Data excerpts:
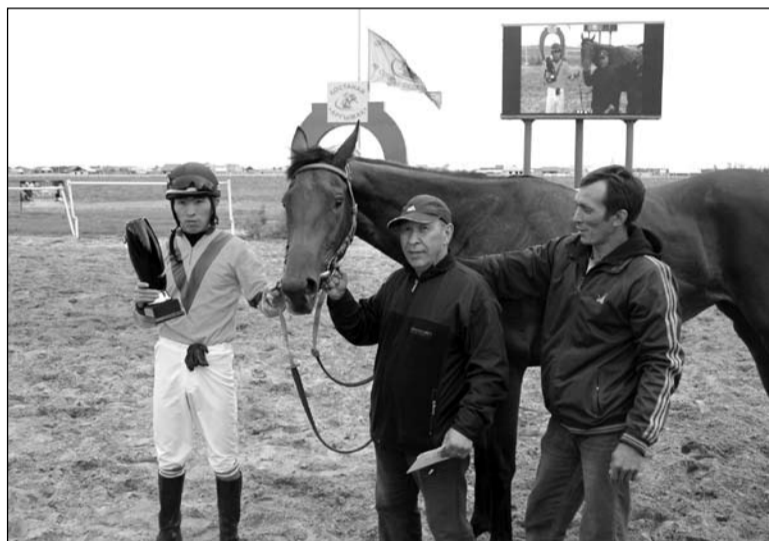
Победитель скачек на приз «Фаворит» костанайская кобыла Лайт Эш

не только наездников, но и тех, кто тренирует и подготавливает к состязаниям племенных скакунов. Для конезаводчиков, жокеев, тренеров и их четвероногих подопечных соревнования начались еще задолго до официального старта.
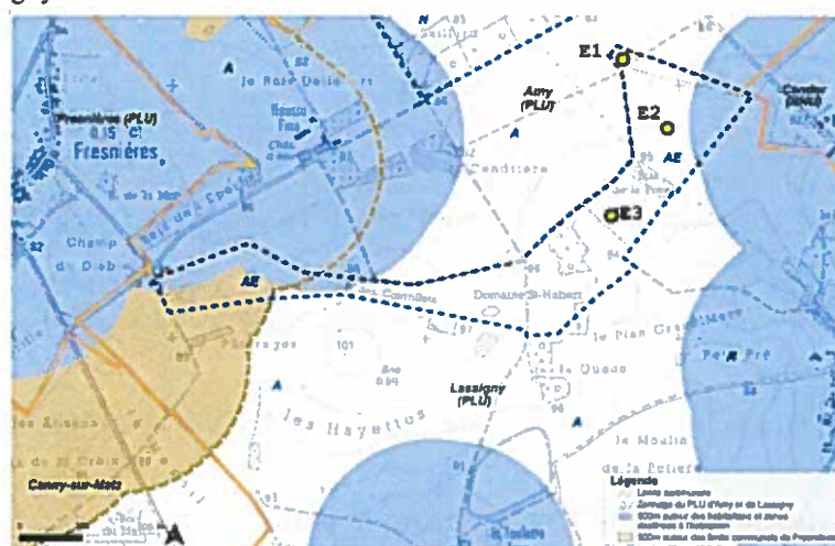
Zone AE dans laquelle le projet peut être développé compte tenu du zonage du PLU de Lassigny et du recul réglementaire aux habitations (carte reprise du dossier et commentée) :

Le porteur de projet a analysé 3 scénarios d'implantation prenant en compte de 3 à 7 éoliennes (de même modèle) situées sur le même secteur géographique au nord de Lassigny. Les scénarios sont contraints par la forme de la zone Ae du plan local d'urbanisme (PLU) de Lassigny.
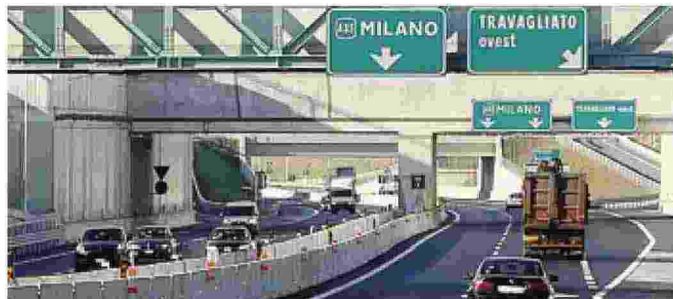
L'autostrada A35 (Brebemi) che collega Brescia con Milano

Diciotto insediamenti logistico-produttivi, 3.620 nuovi dipendenti, 22,6 milioni di euro di oneri di urbanizzazione incassati dai Comuni. Sono alcune delle «Ricadute economiche, occupazionali e ambientali di A35 sul territorio», raccolte in uno studio presentato ieri in Regione. L'obiettivo era valutare l'impatto anche «indiretto» della Brebemi sul territorio. Tra i 15 Comuni presi in esame dalla
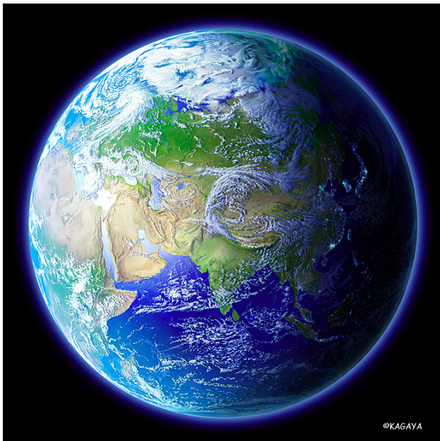
Afb: Blue earth www.Kagayastudio.com ©

Het ziet er naar uit dat 2010 een jaar met veel vernieuwing en bewustzijns groei zal zijn. Oude patronen voldoen niet meer en zullen worden uitgedaagd en ingehaald door vernieuwingen. Vooral vernieuwingen in ons bewustzijn, op technologisch vlak en in onze energievoorziening. Het is tijd om het mes in het oude te zetten en ruimte te maken voor vernieuwing. Daarnaast mogen we in 2010 leren hoe het is om te Leven in eenheid en vrijheid. Het spirituele proces hierachter wordt belicht evenals de ontwikkeling naar het Eenheidsbewustzijn in het Watermantijdperk. Vanuit overleving zal veel wilskracht en ego ingezet worden om nog iets tot stand te brengen; overgave aan de Goddelijke Wil is het uiteindelijke doel. Ten slotte zal in 2010 het oude en nieuwe geïntegreerd moeten worden. Lees meer hierover in dit artikel.
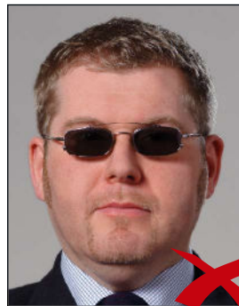
Brillengläser zu dunkel
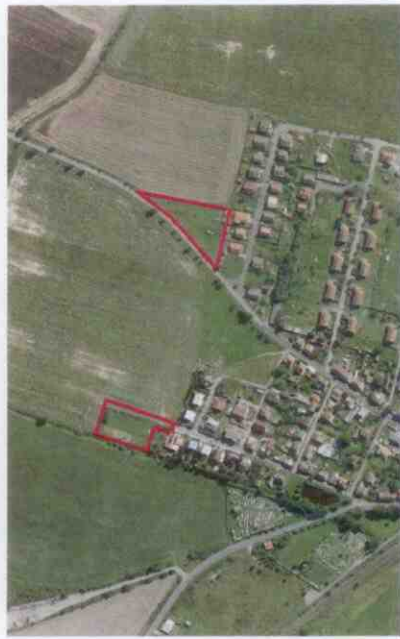
b) SCHEMA POŽADAVKŮ
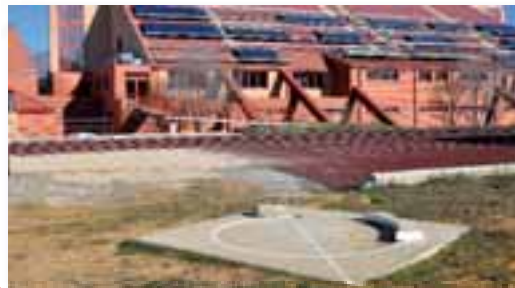
Zona de lanzamiento de Atletismo. Esta zona, situada junto a la pista de atletismo, será remodelada.
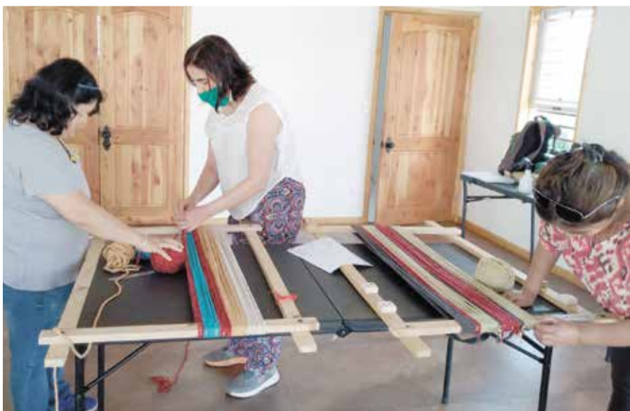
Convenio Indap- Prodemu
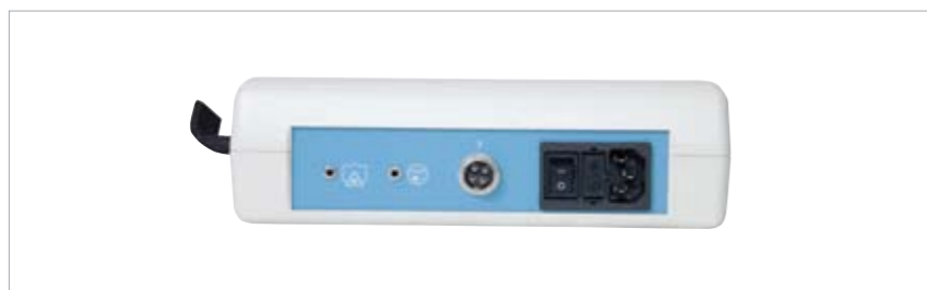
1- gniazdowy - Terapus 2 micro

Gniazda przyłączeniowe w sterownikach są uniwersalne, tzn. rozpoznają i obsługują różne typy sond z nowej oferty Accuro. W danej chwili, na stałe, do sterownika może być podłączona („przypięta”) ilość sond, określona liczbą gniazd. Możliwe jest jednak posiadanie oprócz sterownika, dowolnej ilości aplikatorów laserowych, o zróżnicowanym charakterze, mocy i długości fali.
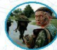
Юный спецназ Росгвардии
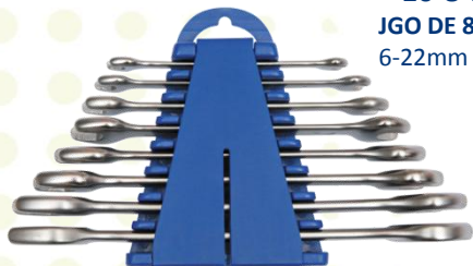
● 10-8-H JGO DE 8 LLAVES FIJAS 6-22mm
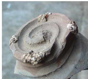
양산사발 볽기리출토 사금파리
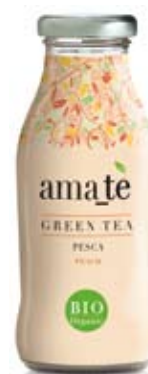
cod. 214V Pesca
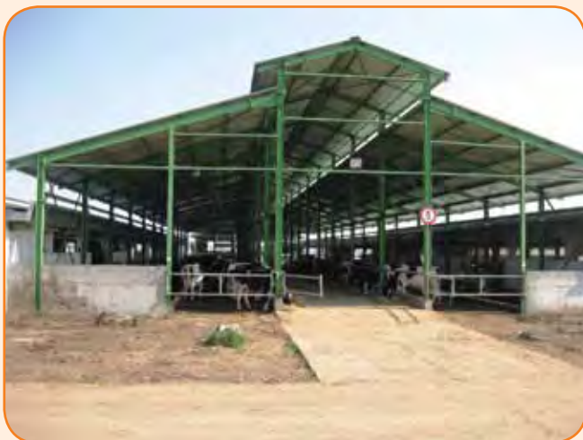
תכנון ישראלי של המבנים לפרות

החליבה מתבצעת במכון חליבה משוכלל מסוג פרלל שכולל 50 עמדות 2*25 וכן מכון טיפולי קטן עם 6 עמדות בעבור הפרות לאחר המלטה - קולוסטרום ופרות חולות שמתופלות בתרופות. פרה "משתחררת"
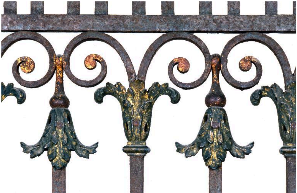
Détail de la grille.
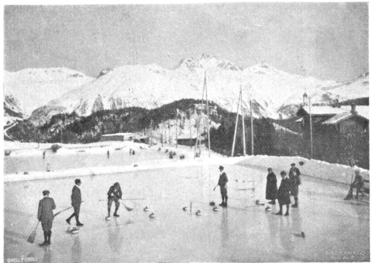
Curlingbahn in St. Moritz.
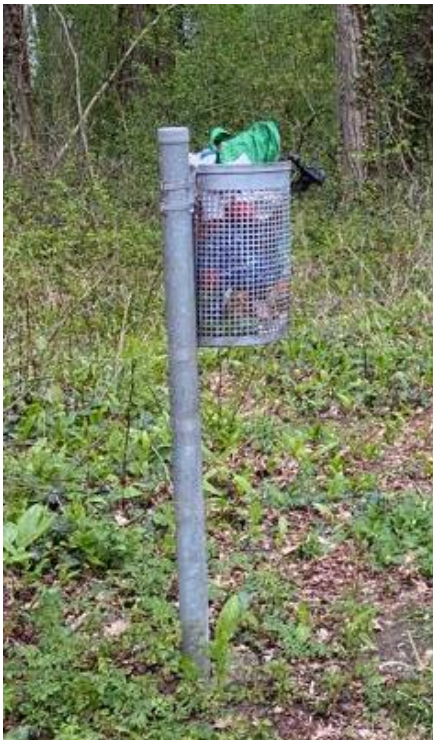
Abbildung 6: Überfüllter Müllkübel

Im BSP sind bereits einige Abfallbehälter vorhanden, vor allem im Bereich der Schiffsmühle. Trotzdem konnte festgestellt werden, dass es noch von der Biberzentrale (Liebmannsee) bis nach Bad Radkersburg an Abfallbehältern mangelt und viele Abfallbehälter rund um die Schiffsmühle überfüllt sind. Diese minimalen Verschmutzungen durch den herumliegenden Müll wirken sich negativ auf das Landschaftsbild aus. Die Müllsituation ist keinesfalls alarmierend, jedoch sind dennoch Verbesserungsmaßnahmen erforderlich.
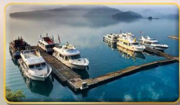
ล่องเรือชมทะเลสาบสุริยันจันทรา
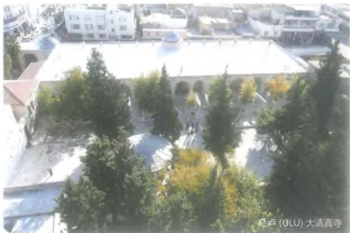
乌卢 (ULU) 大清真寺

据传说,耶稣送给国王的手帕放在水井里。因此,这座清真寺的水被市民视为“治疗疾病的奇迹之水”。共和国时期,该清真寺光塔上加建一座钟塔之后该清真寺改为钟塔。这坐建筑是乌尔法市唯一的钟楼。
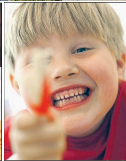
Eindrücke aus der Lebenshilfe Aachen.
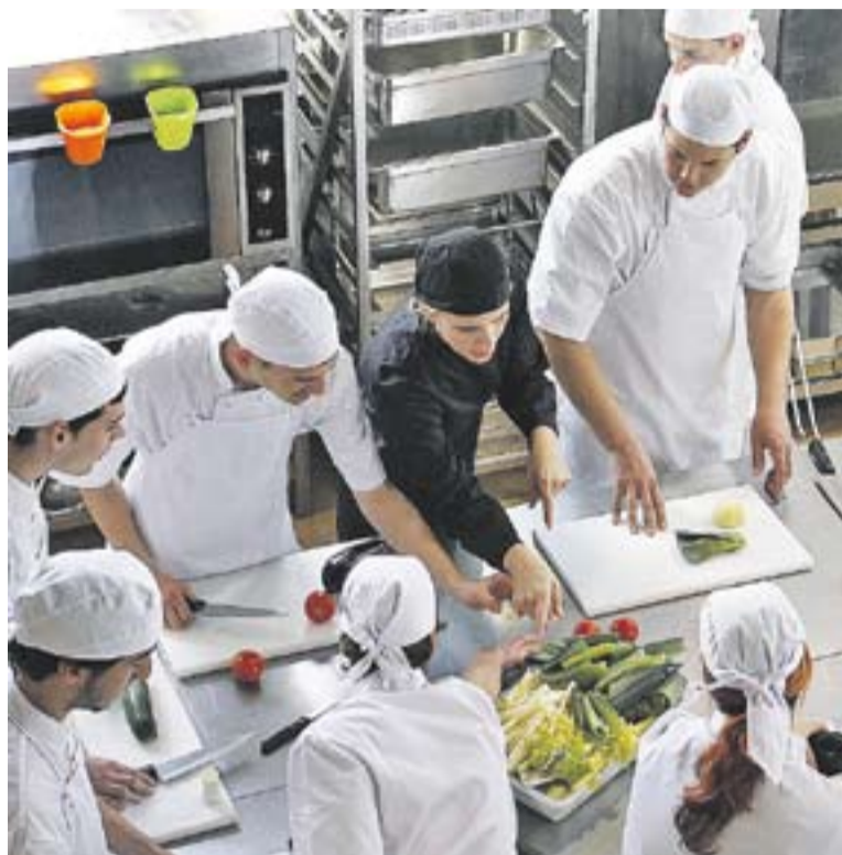
© Els Safareigs ja han acollit aquest any un curs de cuina de COPEVO. || J. G.

Els PQPI són uns estudis homologats per la Generalitat, que tenen per objectiu proporcionar als nois i noies que no han acreditat l'ESO una formació bàsica i professional que permeti una inserció social i laboral satisfactòria, i alhora possibilitar la seva
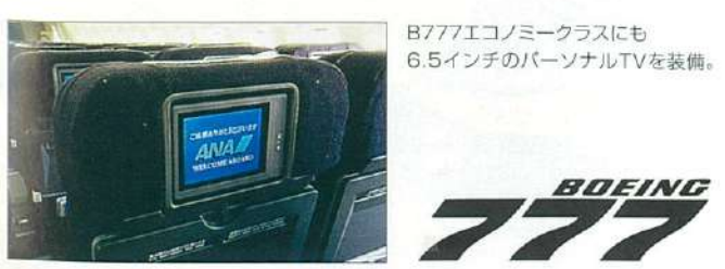
B777エコノミークラスにも6.5インチのパーソナルTVを装備。

ボーイング777(トリプルセブン)就航 関西線に就航するボーイング777はエコノミークラスにもパーソナルTVを導入するなど、機内エンターテイメントも充実。電話、FAXも搭載してみなさまのご利用をお待ちしています。
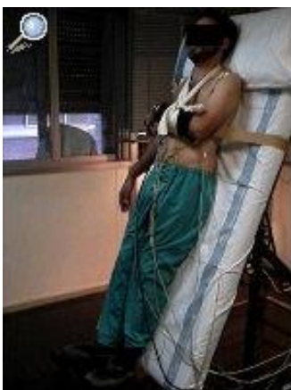
Figura3. Prueba mesa basculante 1

Esta prueba se usa desde 1986 como herramienta diagnóstica de síncope vasovagales. Además fue de gran utilidad para conocer la fisiopatología del síncope reflejo o neuromediado, comprobando los mecanismos del sistema nervioso central sobre el sistema nervioso autónomo, evaluando así la respuesta compensadora del corazón y del aparato circulatorio en respuesta a los cambios posturales y de presión arterial. 11
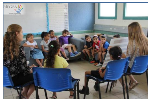
Jour de la rentrée dans les Maisons de l'Espérance
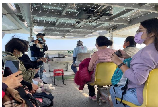
本校教職員工搭乘太陽能遊艇遊烏山頭水庫。
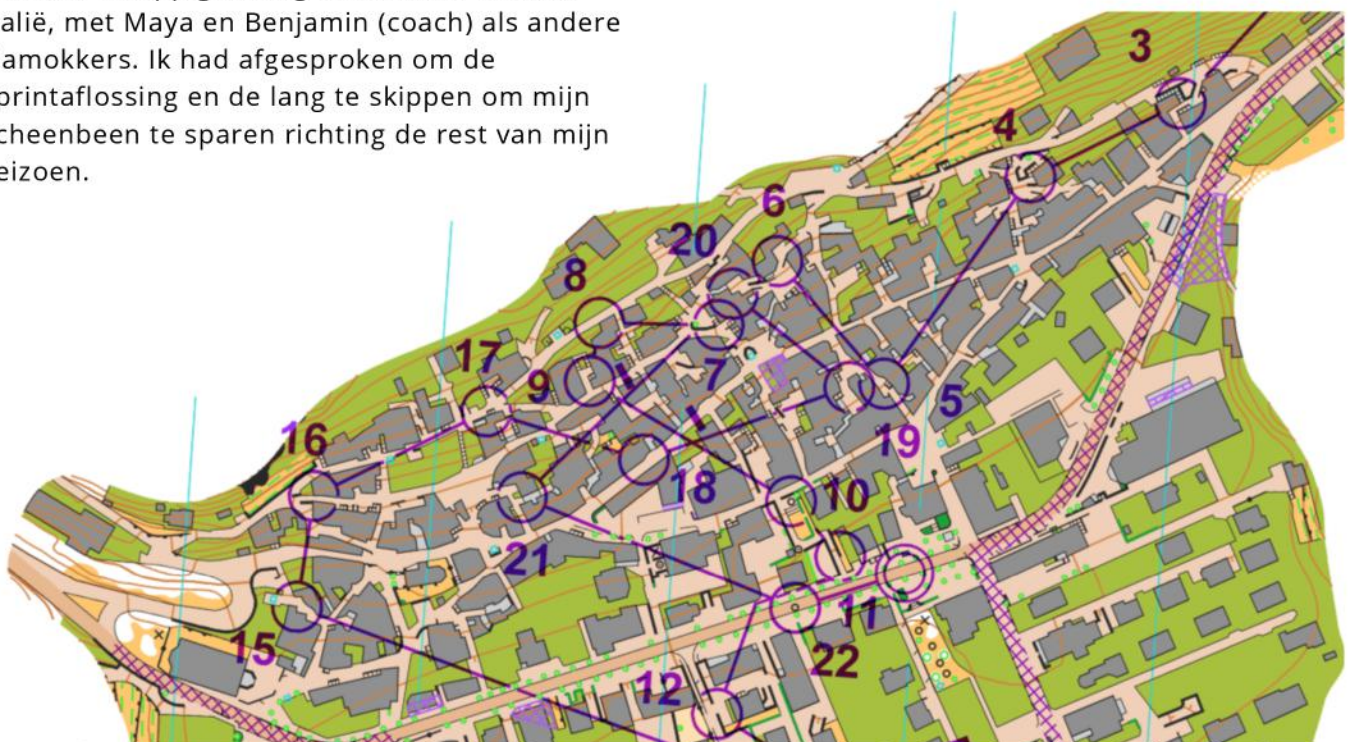
JWOC Sprint 2025
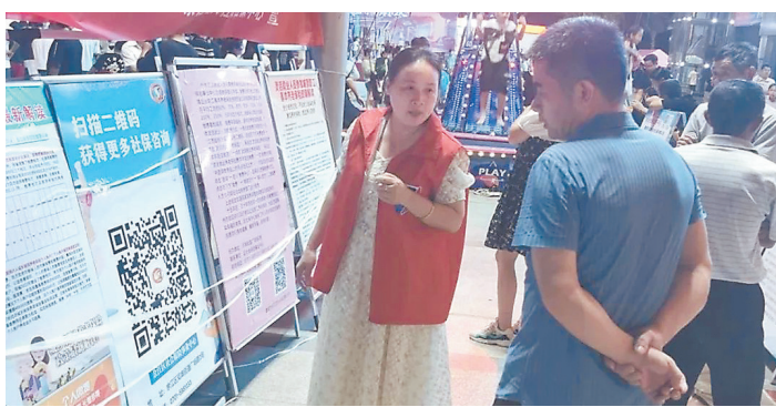
鹰潭市余江区开展“社保服务进万家”政策宣传活动。

市社保经办机构城乡居民养老保险业务负责人和业务骨干进行现场培训,全省115个县级社保经办机构对1762个乡镇街道的7193名城乡居民养老保险经办人员进行业务培训,进一步丰富各级经办人员的业务知识,提高服务水平。
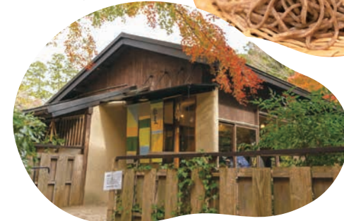
(TEL)075-333-7311 (営業時間)11:00~15:00 ※時期によっては、苜蓿飯や炊き込みご飯の場合あり。
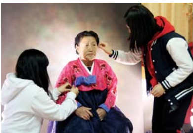
영정사진 촬영 모습

> **Activity**
Above are records with pictures. Reproduce exactly only the lines from the line with "Afb: Blue earth www.Kagayastudio.com ©" through the line with "b) SCHEMA POŽADAVKŮ", both ends included, and leave the pictures out.

> **Expected output**
Afb: Blue earth www.Kagayastudio.com ©

Het ziet er naar uit dat 2010 een jaar met veel vernieuwing en bewustzijns groei zal zijn. Oude patronen voldoen niet meer en zullen worden uitgedaagd en ingehaald door vernieuwingen. Vooral vernieuwingen in ons bewustzijn, op technologisch vlak en in onze energievoorziening. Het is tijd om het mes in het oude te zetten en ruimte te maken voor vernieuwing. Daarnaast mogen we in 2010 leren hoe het is om te Leven in eenheid en vrijheid. Het spirituele proces hierachter wordt belicht evenals de ontwikkeling naar het Eenheidsbewustzijn in het Watermantijdperk. Vanuit overleving zal veel wilskracht en ego ingezet worden om nog iets tot stand te brengen; overgave aan de Goddelijke Wil is het uiteindelijke doel. Ten slotte zal in 2010 het oude en nieuwe geïntegreerd moeten worden. Lees meer hierover in dit artikel.
Brillengläser zu dunkel
b) SCHEMA POŽADAVKŮ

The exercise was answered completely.